Hi Anant,
The blog post about R-on-Dataflow should work for R-on-Beam -- it just
predates Beam; there is no longer any Dataflow Python that isn't based on
Beam :)
What have you tried?
Thanks,
Dan
On Mon, Apr 10, 2017 at 11:18 PM, Anant Bhandarkar <
anant.bhandar...@impactanalytics.co> wrote:
> Hi,
> We are using Big Query for our querying needs.
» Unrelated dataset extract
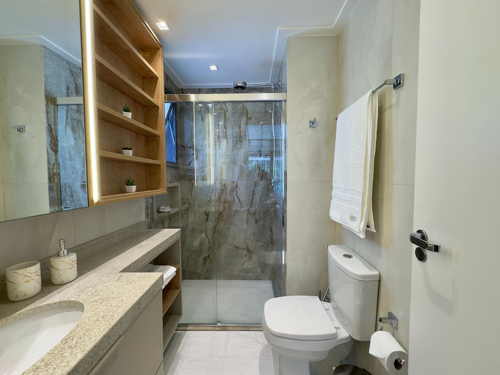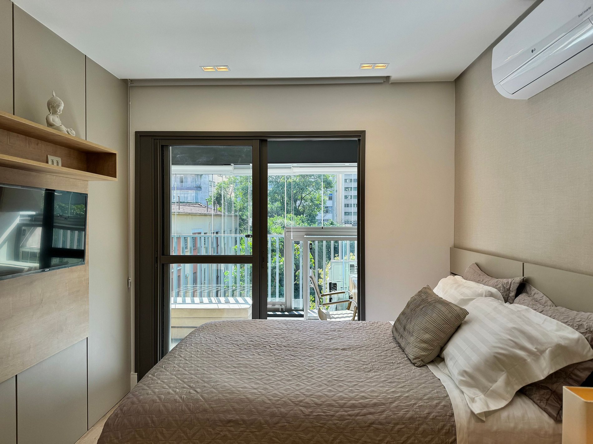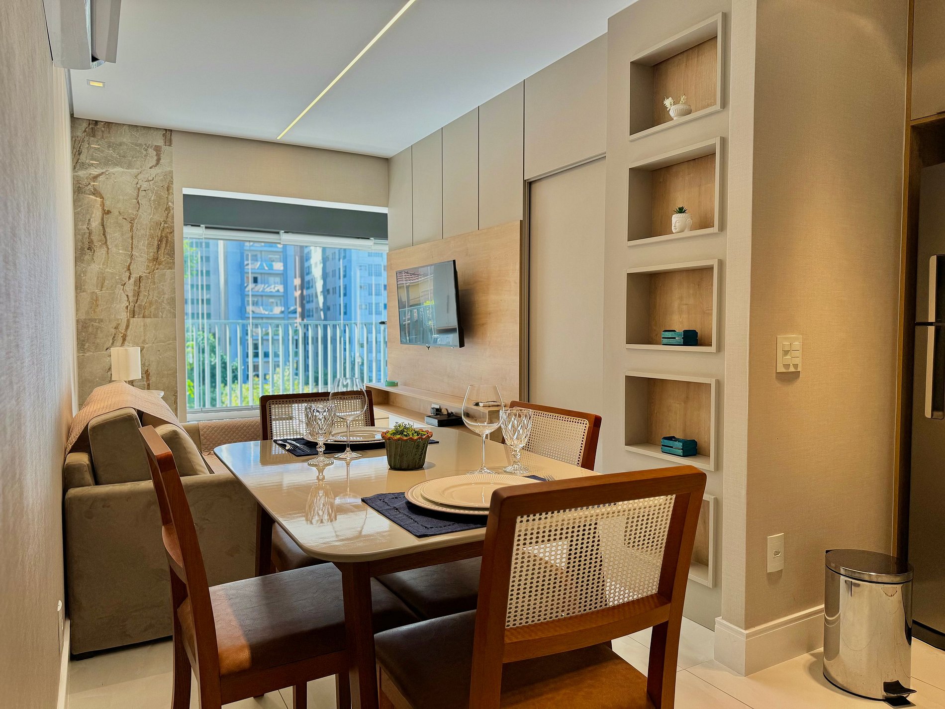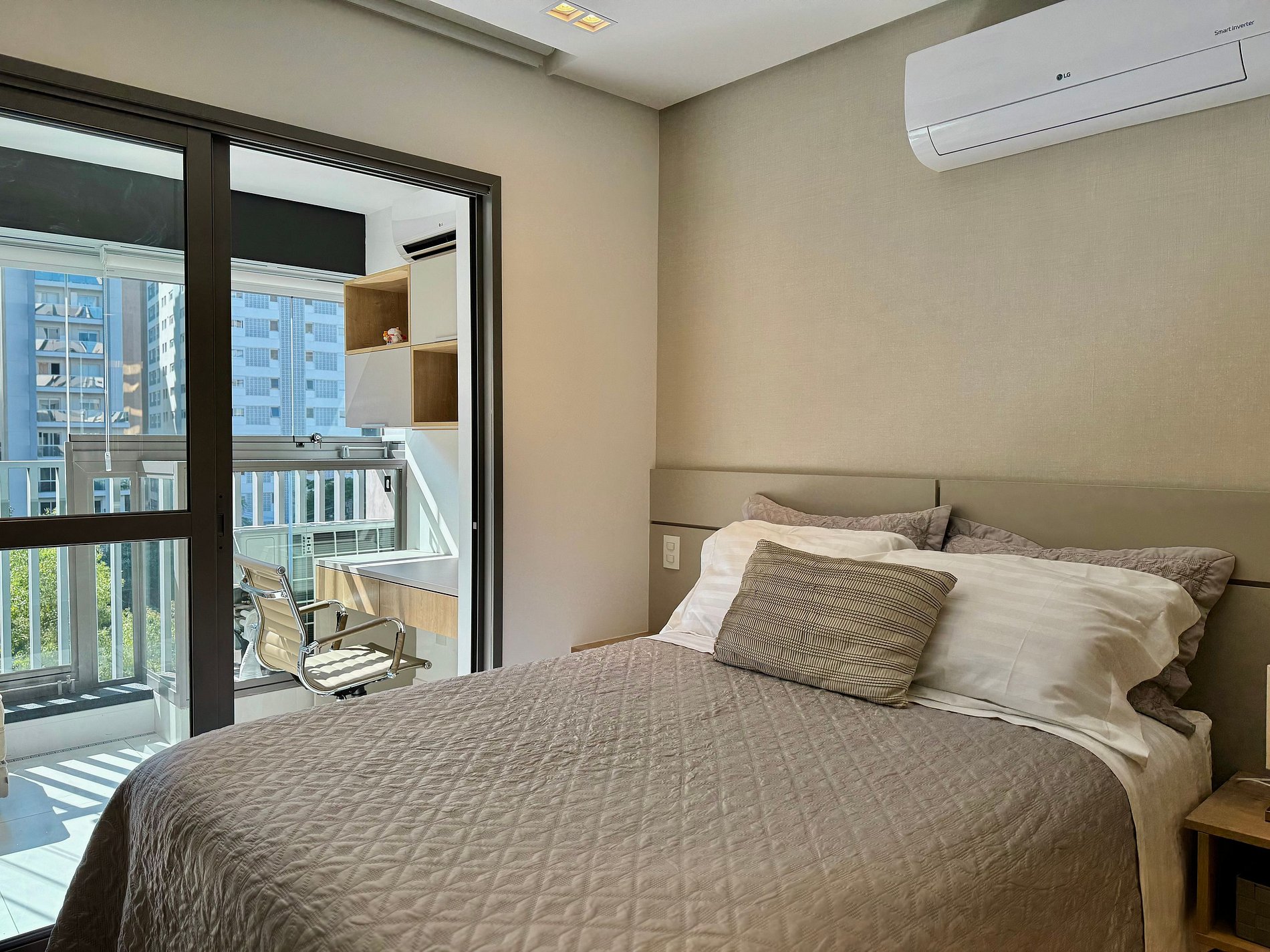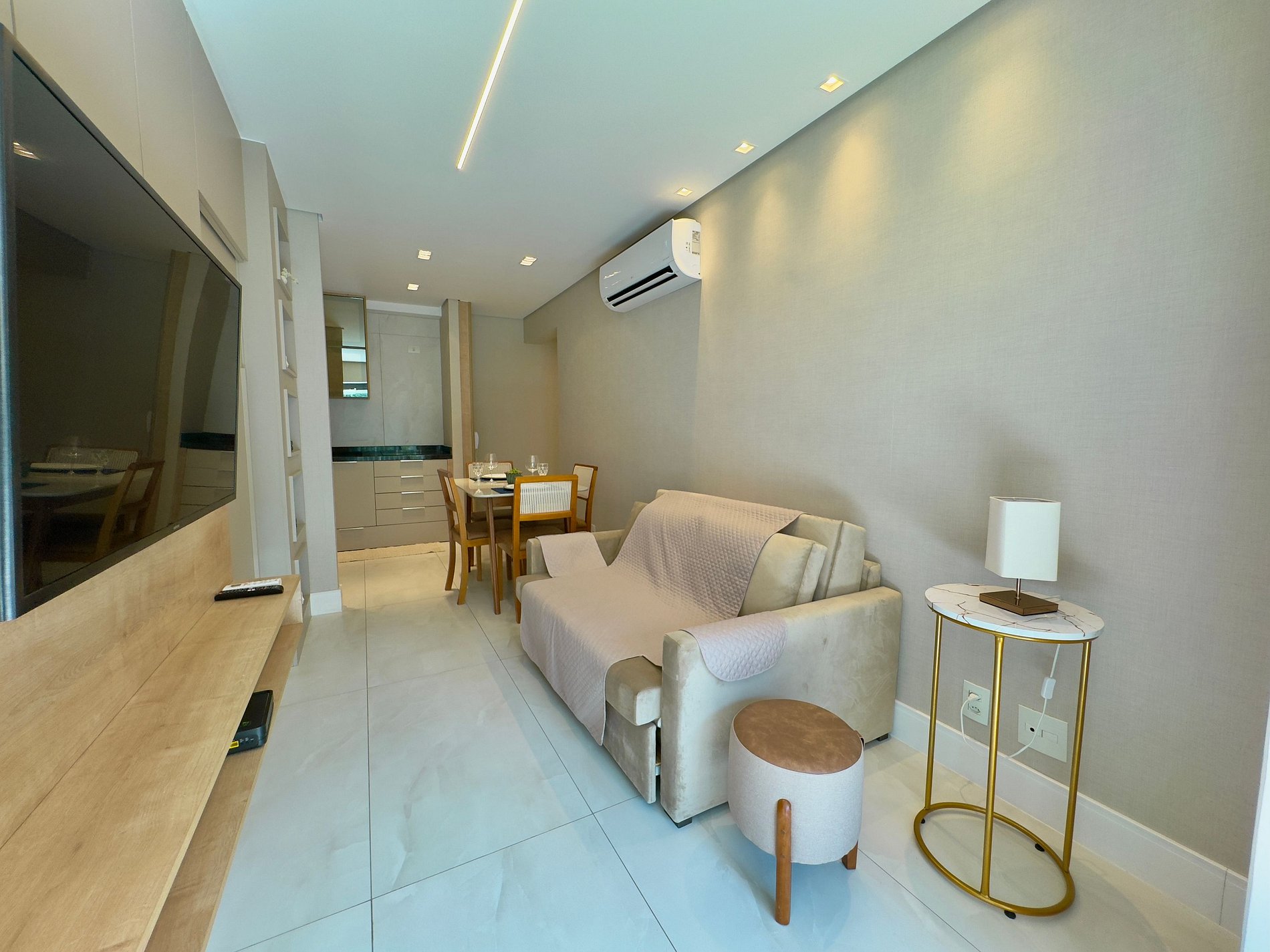 O ambiente foi cuidadosamente pensado para oferecer praticidade e bem-estar, com móveis funcionais, decoração elegante, cozinha equipada, ar-condicionado e Wi-Fi de alta velocidade. Os hóspedes terão à disposição cama confortável, enxoval de qualidade e itens essenciais para uma estada tranquila e agradável.

> We are also looking to use Dataflow with some of the statistical
> libraries. We are using R libraries to build these statistical models.
>
> We are looking to run our data through the statistical models such as ELM
> , GAM, ARIMA etc. We see that python doesn't have all these libraries which
> we get as Cran packages in R.
>
> We have seen this example where there is a possibility to run R on data
> flow.
>
>
> https://medium.com/google-cloud/cloud-dataflow-can-autoscale
> -r-programs-for-massively-parallel-data-processing-492b57bd732d
> https://github.com/gregmcinnes/incubator-beam/blob/python-
> sdk/sdks/python/apache_beam/examples/complete/wordlength/
> wordlength_R/wordlength_R.py
>
> If we are able to use parallelization provided by Dataflow along with R
> libraries this would be a great for us as a team and also the whole Data
> science community which relies on R Packages.
>
> We would need some help from the Beam to achieve this.
>
> I see that it will be a very good use case for the whole of data science
> community that will enable usage of both Python and R on Beam and Dataflow.
>
> Regards,
> Anant
>
>